Pajibans.Gather arms. Its On.

Posted by: Nadine at January 11, 2010 4:03 PM

as someone who is both gay and black, let me tell you, mr. t's ass in "cloudy with a chance of meatballs" was awesome!

Posted by: gp at January 11, 2010 4:14 PM

@PaddyDog:

YES, EMU!!! I thought it was the aggressive blandness and non-starter relationships with equally vanilla actresses that was putting me off. But everything is in sharp focus and it's all come together in a package of man tan and juicing. We have named it and now we can claim it. Claim it and jettison it into space before the night terrors start. Seriously, I can see him pecking out poor Suzanne Pleschette's eyes, may she rest in peace.

@gp

Huh? Should I have seen that movie?

Posted by: Jo 'Mama' Besser at January 11, 2010 7:40 PM

OMG. Once you see the emu in Bradley Cooper you can never UNSEE the emu in Bradley Cooper.

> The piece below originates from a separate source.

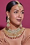 Featuring a gold finish necklace studded with kundan polki, set in copper. It is paired with a matching pair of earrings and a maangtikka.
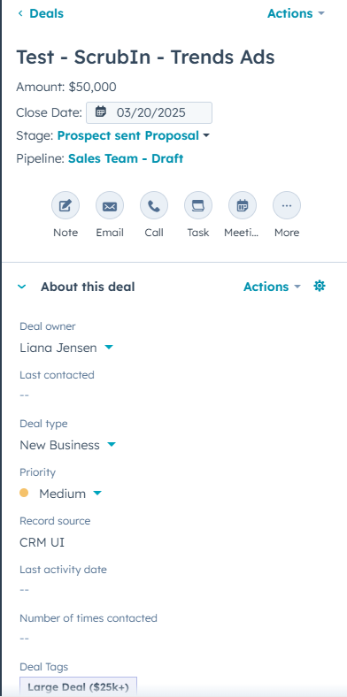 Deals - View any associated Deals currently connected to this specific deal, contact or company.

The Hangover 2 is going to be interesting with my new found EmuVision.

Posted by: Lola at January 11, 2010 10:18 PM

The fact is, if Bradley Cooper met me, he'd want to have sex with me. And, being the magnanimous being that I am, I would say yes. Does that mean I'm into bestiality? You know, what with him being an emu and all? I'm not sure. What I do know is this: I would tear his shit up. And I mean that in the dirtiest way that you can imagine. Yum.

Posted by: Kitty X at January 12, 2010 12:16 AM

Ahahahaha, Paddy, I don't mind the Coop, and I still thought your description of him was hee-larious!!

And, for some reason, when I was reading all the comments about Dirty Dancing being gay, all I could think of was that episode of "The Simpsons" where Lisa dates Nelson Muntz and all his thug friends catch him kissing her, and they go:

"Dude! You kissed a girl! That is so gay!!"

Ahahaha... I love "The Simpsons"...

Wait, what are we talking about again?

Posted by: Jelinas at January 12, 2010 3:25 AM

OHMYGODI'VEBEENWAITINGMYWHOLELIFEFORTHIS. I am there. Opening night I am THERE. Now I'm going to go watch the trailer twenty more times and then my entire A-Team DVD collection. I don't care if it's on Hulu I will pay for this stuff on PURPOSE.
I hope the movie doesn't disappoint me, because then I might die a little. But no, no, they would never do that to me...

Posted by: bat at January 12, 2010 6:40 AM

All I can say is, I paused this at the 0:55 mark and just soaked it aaaalll in for a few moments. Beautiful.